Why am I going on so long about Tulsa?  Perhaps it is because I grew up in rural Oklahoma and always considered Tulsa as Oklahoma's most beautiful, gracious, and culturally rich city.  I still feel that way. So--whatever happens tonight at the Trump rally, please don't let the evening's events tarnish one of the great cities of America's flyover country.

Bob Wills and Texas Playboys performed in Cain's Ballroom in Tulsa, Oklahoma.



Sunday, October 15, 2017

Harvey Weinstein, the Napa-Sonoma Wildfires, and California's Travel Ban: Greetings from Flyover Country


Awhile back I wrote about California's legislative travel ban, which bars state-funded travel to states that passed so-called unprogessive legislation. Eight states are now on that list, including Texas and North Carolina.

At the time I wrote, I considered California's travel ban to be arrogant, self-righteous, and gratuitous.
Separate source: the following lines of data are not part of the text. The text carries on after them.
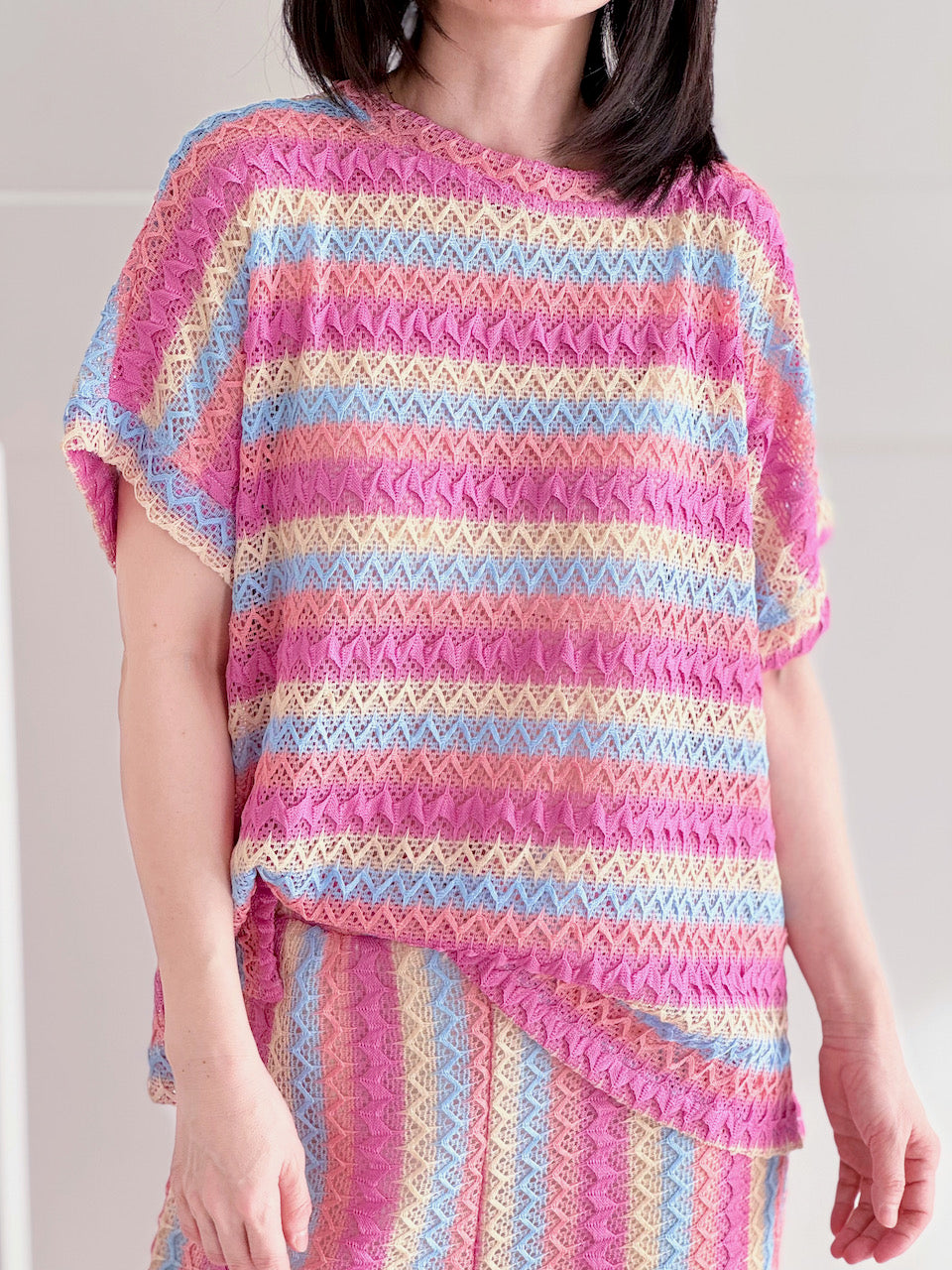 Kurzarm-Sweatshirt, Blockstreifen, 5 Farben
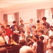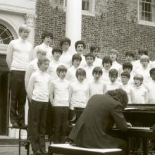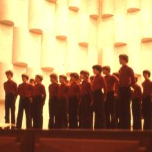 Boys wearing white dress shirts standing beside the Columbus Boychoir bus
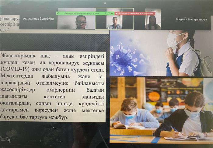 Within the framework of the project "Cult of a Healthy Body", the Faculty of Philosophy and Political Science, the Department of Religious Studies and Cultural Studies, 2nd–year undergraduates of the specialty "Cultural Studies" and senior teacher ShanbayevaArailymNurdygulovna held an educational hour of the republican level "the impact of the coronavirus pandemic (COVID-19) on the psychological health of people". During the educational hour, the issues of the impact of the pandemic on the psychological health of a person, one of the most important topics at the present time, were discussed. Students of the specialty " Cultural Studies“,” Social work“, " Tourism“,” Pedagogy and Psychology " shared their thoughts and opinions.
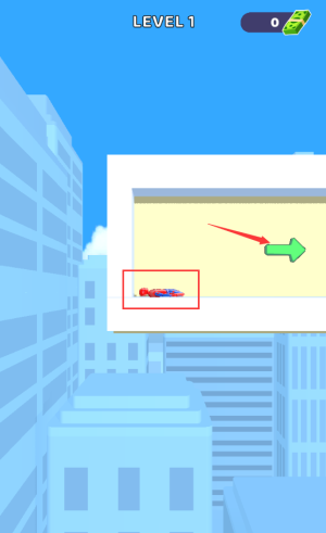 4、引导蜘蛛侠向箭头处,使用蛛网完成第二关。
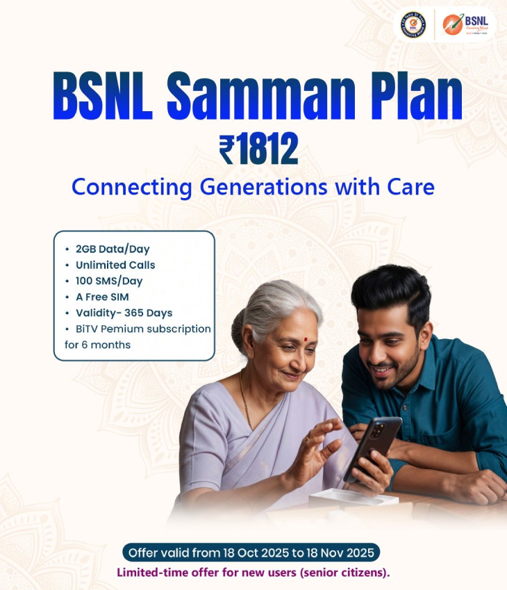 - BSNL Samman Plan: ₹1812 Annual Prepaid For Seniors 365 Days Validity, Unlimited Calls & 2GB Daily Data
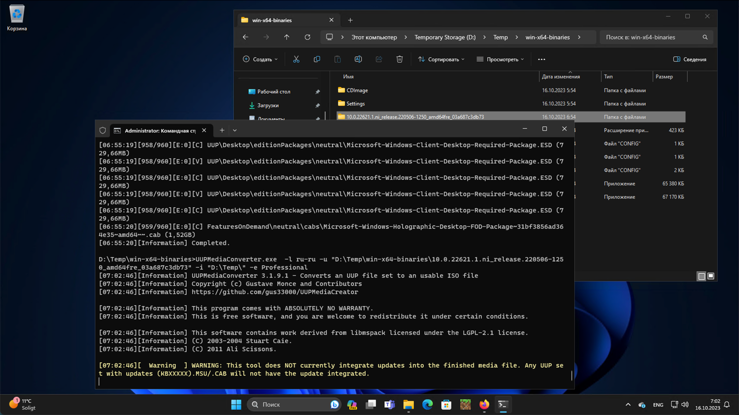 После завершения процесса, ISO-образ Windows 11 будет создан и готов к использованию.

But that was before the Harvey Weinstein scandal and the Napa-Sonoma wildfires. Now I consider the travel ban to be pathetic.

People who live in flyover country have grown accustomed to being reprimanded by the California entertainment elites--all those beautiful people who are so cool and sensitive. We've endured public scoldings from the California legislature, which passed a law that bars state-funded travel to eight of California's sister states.

And now we find that Hollywood, the capital of coolness, has been enabling a sexual predator and accused rapist for decades. Everyone in the movie business knew Harvey Weinstein was preying on vulnerable women. His own company knew; in fact Harvey's employment contract contained a clause obligating Weinstein to reimburse his employer for future sexual abuse lawsuits (he had already settled with eight accusers) and to pay escalating penalties for future sexual assault complaints.

And then came the Napa-Sonoma wildfires, which have killed at least 40 people and scorched 350 square miles of the California wine country. Firefighters are pouring in from all over the United States to help fight these fires--including firefighters from North Carolina, which is under California's travel ban.

Do you think the California legislature will bar North Carolina fire crews from tackling the blaze in the Napa Valley? No, of course not. California's politicians want all the help the state can get to put out the deadliest wildfire in California history--even help from insensitive North Carolinians.

Do you think Hollywood will ask the folks in flyover country to boycott all the  movies associated with Harvey Weinstein? No. The movie industry depends on the rubes to buy movie tickets and $10 popcorn. Puh-leeze buy a ticket to see all the movies Harvey Weinstein and his cronies vomited into American culture.

Do you think any of Hollywood's supercilious, pompous asses will apologize to middle America for all the judgmental lectures they delivered while they covered up the Weinstein scandal? No, I don't think so.

But it is not my purpose to scold Hollywood or California politicians now that the Golden State's hypocrisy has been exposed. I don't wish to descend to the level of Alex Baldwin.

No, I wish to evoke the spirit of Woody Guthrie, the great folk singer and Dust Bowl refugee who migrated to California during the Great Depression, back in the days when California state troopers turned Okies away at the state border.
"This land is your land," Guthrie sang. "this land is my land.


From the California to the New York island
From the Redwood Forest
To the Gulf Stream watersThis land was made for you and me.



So this is my message to California:

We, the people of flyover country, grieve for you as you battle the Napa-Sonoma wildfires, and fire crews from all over America will come to help. We'll even continue watching the retched movies that Hollywood grinds out ever year.